If F is the fluorescent molecule and A is its binding partner (our molecule of interest), we have the chemical reaction

\begin{align} \mathrm{AF} \rightleftharpoons \mathrm{A} + \mathrm{F}. \end{align}

The anisotropy, \(r\), is given by

\begin{align} r = \frac{1}{c_\mathrm{F}^0}(r_\mathrm{f} c_{\mathrm{F}} + r_\mathrm{b} c_{\mathrm{AF}}), \end{align}

the concentration-weighted average of the anisotropy of free fluorophore, \(r_\mathrm{f}\), and that of bound fluorophore, \(r_\mathrm{b}\). We define \(K_\mathrm{d,f}\) as the dissociation constant for this reaction. By adjusting the concentration of A and measuring the anisotropy, we can determine \(K_\mathrm{d,f}\) by performing a regression.

With the dissociation constant of the fluorophore in hand, we can then consider the coupled chemical reactions

\begin{align} &\mathrm{AF} \rightleftharpoons \mathrm{A} + \mathrm{F},\\[1em] &\mathrm{AB} \rightleftharpoons \mathrm{A} + \mathrm{B}, \end{align}

where the binding of A and B is of interest. This assay is called a competition assay, as the molecule of interest, B, competes with the fluorophore, F, for binding of A. We wish to determine the dissociation constant, \(K_\mathrm{d}\), of the second reaction. To do this, the concentration of A and F are fixed and the concentration of B is varied. We then perform a regression to get \(K_\mathrm{d}\). This involves a coupled equilibrium, and EQTK can solve for \(c_\mathrm{F}\) and \(c_\mathrm{AF}\), which are required to compute the theoretical anisotropy, \(r\).

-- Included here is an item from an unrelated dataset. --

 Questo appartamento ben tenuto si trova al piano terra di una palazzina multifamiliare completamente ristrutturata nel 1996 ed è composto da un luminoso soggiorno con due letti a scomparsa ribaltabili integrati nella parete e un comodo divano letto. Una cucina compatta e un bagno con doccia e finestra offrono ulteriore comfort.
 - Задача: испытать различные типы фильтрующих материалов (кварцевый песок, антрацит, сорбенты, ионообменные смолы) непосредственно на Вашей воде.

Before we begin our analysis, let’s import the necessary packages, including HoloViews for plotting, also setting some nice defaults for the plots.

[1]:
import numpy as np
import pandas as pd

import eqtk

import numba

import holoviews as hv

hv.extension("bokeh")
hv.opts.defaults(
    hv.opts.Scatter(
        alpha=0.75,
        color=hv.Cycle(["#4c78a8", "#f58518", "#e45756"]),
        fontsize=dict(labels=12, legend=8, title=12),
        height=250,
        padding=0.05,
        show_grid=True,
        size=5,
        toolbar="above",
        width=350,
    )
)
WARNING:param.main: pandas could not register all extension types imports failed with the following error: cannot import name 'ABCIndexClass' from 'pandas.core.dtypes.generic' (/Users/bois/opt/anaconda3/lib/python3.8/site-packages/pandas/core/dtypes/generic.py)

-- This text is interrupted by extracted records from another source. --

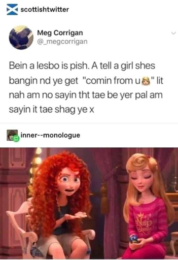 minus-squareZagorath@aussie.zonelinkfedilinkEnglisharrow-up0·2 years agoTo assist: Lesbo: short for lesbian Pish: an expression of frustration Bangin’: hot nd: and ye: you am no: I’m not tae: to yer: your pal: friend shag: have sex with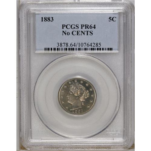 <B>1883 5C No Cents PR64 PCGS.</B></I> Apricot, sky-blue, and champagne-rose hues invigorate this razor-sharp near-Gem. A lovely representative of this scarce single-year proof type.<BR><BR><b>Shipping:</b> Coins & Currency (<a target="_blank" href="http://www.heritageauctions.com/common/shipping.php">view shipping information</a>)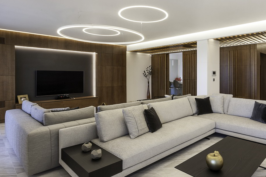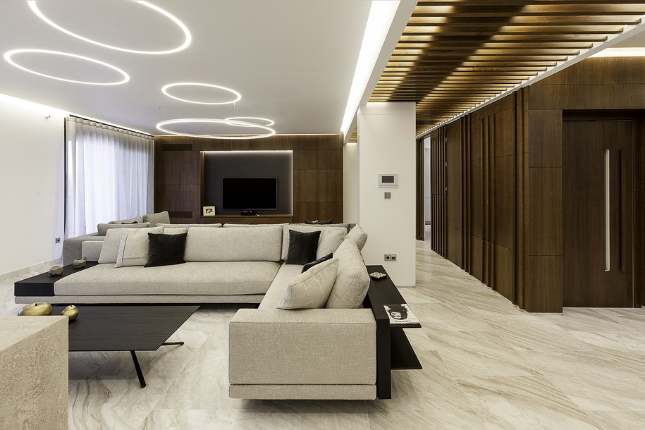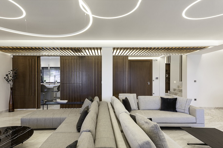 Τέλος, ιδιαίτερη προσοχή δόθηκε στο φωτισμό και την επιλογή της επίπλωσης, ώστε η τελική εικόνα του χώρου να αντικατοπτρίζει το σύγχρονο χαρακτήρα των αρχιτεκτονικών επιλογών, και να δίνει αίσθηση λιτής πολυτέλειας και άνεσης.

The system to analyze and data

We will analyze data from Rasson, et al. (J. Mol. Biol., 2015). The aim is to determine the dissociation coefficient between a domain of an actin nucleator, termed SD, and actin monomers. Let’s take a look at the anisotropy data from the two experiments, one to measure fluorophore-actin binding, and the other a competition assay to measure SD-actin binding.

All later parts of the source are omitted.